> _Your goal_
Could the listing below be returned exactly, with its pictures left out?

** Opening Recorded data block **

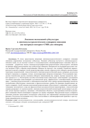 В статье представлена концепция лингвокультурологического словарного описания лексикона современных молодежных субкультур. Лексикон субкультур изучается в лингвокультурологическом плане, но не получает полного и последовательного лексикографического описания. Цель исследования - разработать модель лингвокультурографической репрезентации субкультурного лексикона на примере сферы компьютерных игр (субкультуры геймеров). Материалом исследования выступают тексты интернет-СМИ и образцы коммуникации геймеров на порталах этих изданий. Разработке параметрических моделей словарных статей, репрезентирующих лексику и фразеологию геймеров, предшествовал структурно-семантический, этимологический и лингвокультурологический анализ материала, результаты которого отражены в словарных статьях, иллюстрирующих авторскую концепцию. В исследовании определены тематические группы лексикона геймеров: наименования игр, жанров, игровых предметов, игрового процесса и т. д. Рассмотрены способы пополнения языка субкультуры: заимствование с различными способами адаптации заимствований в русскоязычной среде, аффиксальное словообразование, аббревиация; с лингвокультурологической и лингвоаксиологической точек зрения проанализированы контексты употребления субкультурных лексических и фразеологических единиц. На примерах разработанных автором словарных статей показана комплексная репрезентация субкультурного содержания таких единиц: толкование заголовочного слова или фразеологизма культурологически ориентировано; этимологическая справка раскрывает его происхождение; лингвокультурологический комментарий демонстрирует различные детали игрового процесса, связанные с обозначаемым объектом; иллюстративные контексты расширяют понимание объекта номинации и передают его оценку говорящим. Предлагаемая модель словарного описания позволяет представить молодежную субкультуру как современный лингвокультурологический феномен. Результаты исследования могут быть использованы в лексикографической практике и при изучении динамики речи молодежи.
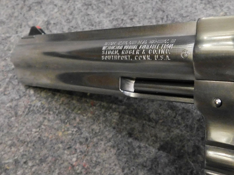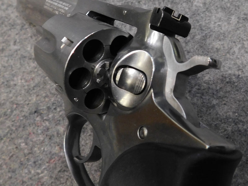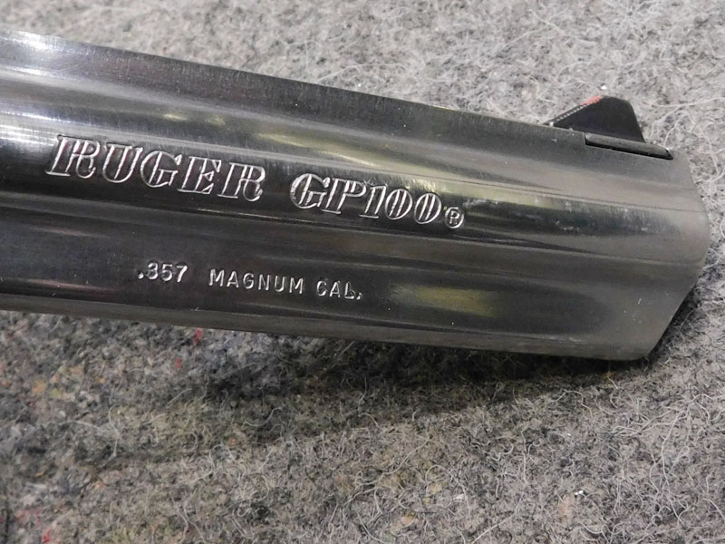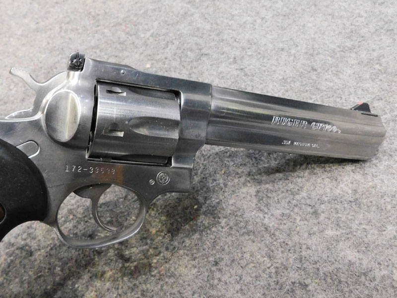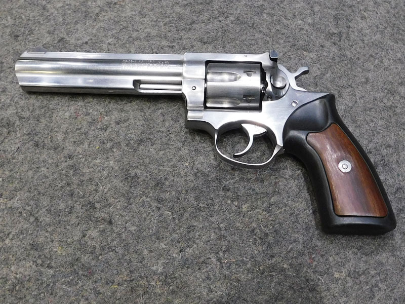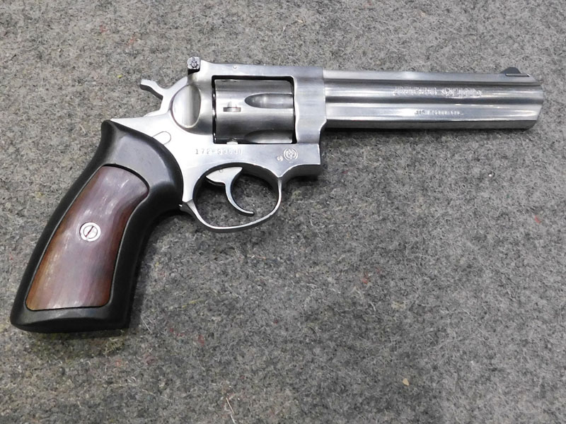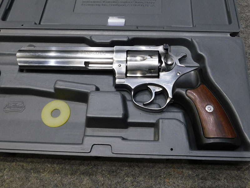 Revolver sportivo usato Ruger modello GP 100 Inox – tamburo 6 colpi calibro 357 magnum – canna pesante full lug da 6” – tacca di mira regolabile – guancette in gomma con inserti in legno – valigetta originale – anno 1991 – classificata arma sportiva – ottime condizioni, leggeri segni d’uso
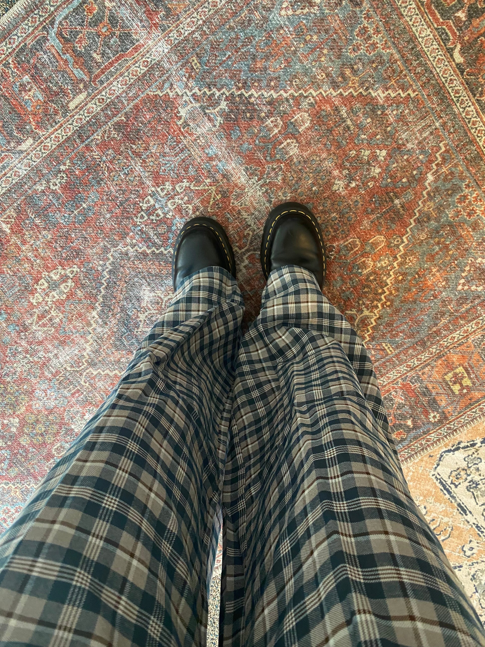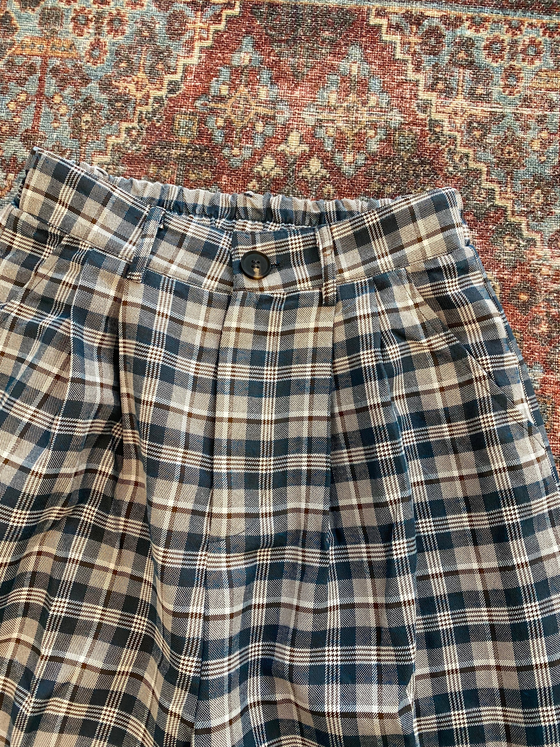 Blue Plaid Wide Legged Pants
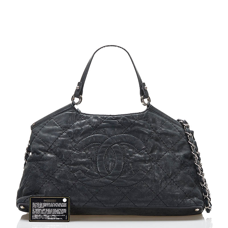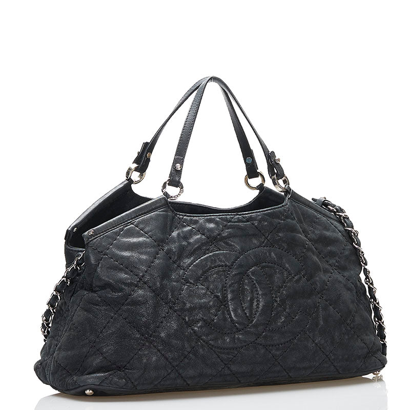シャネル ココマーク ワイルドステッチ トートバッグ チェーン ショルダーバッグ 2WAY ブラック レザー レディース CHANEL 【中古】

** Closing Recorded data block **

> _Solution_
 В статье представлена концепция лингвокультурологического словарного описания лексикона современных молодежных субкультур. Лексикон субкультур изучается в лингвокультурологическом плане, но не получает полного и последовательного лексикографического описания. Цель исследования - разработать модель лингвокультурографической репрезентации субкультурного лексикона на примере сферы компьютерных игр (субкультуры геймеров). Материалом исследования выступают тексты интернет-СМИ и образцы коммуникации геймеров на порталах этих изданий. Разработке параметрических моделей словарных статей, репрезентирующих лексику и фразеологию геймеров, предшествовал структурно-семантический, этимологический и лингвокультурологический анализ материала, результаты которого отражены в словарных статьях, иллюстрирующих авторскую концепцию. В исследовании определены тематические группы лексикона геймеров: наименования игр, жанров, игровых предметов, игрового процесса и т. д. Рассмотрены способы пополнения языка субкультуры: заимствование с различными способами адаптации заимствований в русскоязычной среде, аффиксальное словообразование, аббревиация; с лингвокультурологической и лингвоаксиологической точек зрения проанализированы контексты употребления субкультурных лексических и фразеологических единиц. На примерах разработанных автором словарных статей показана комплексная репрезентация субкультурного содержания таких единиц: толкование заголовочного слова или фразеологизма культурологически ориентировано; этимологическая справка раскрывает его происхождение; лингвокультурологический комментарий демонстрирует различные детали игрового процесса, связанные с обозначаемым объектом; иллюстративные контексты расширяют понимание объекта номинации и передают его оценку говорящим. Предлагаемая модель словарного описания позволяет представить молодежную субкультуру как современный лингвокультурологический феномен. Результаты исследования могут быть использованы в лексикографической практике и при изучении динамики речи молодежи.
 Revolver sportivo usato Ruger modello GP 100 Inox – tamburo 6 colpi calibro 357 magnum – canna pesante full lug da 6” – tacca di mira regolabile – guancette in gomma con inserti in legno – valigetta originale – anno 1991 – classificata arma sportiva – ottime condizioni, leggeri segni d’uso
 Blue Plaid Wide Legged Pants
シャネル ココマーク ワイルドステッチ トートバッグ チェーン ショルダーバッグ 2WAY ブラック レザー レディース CHANEL 【中古】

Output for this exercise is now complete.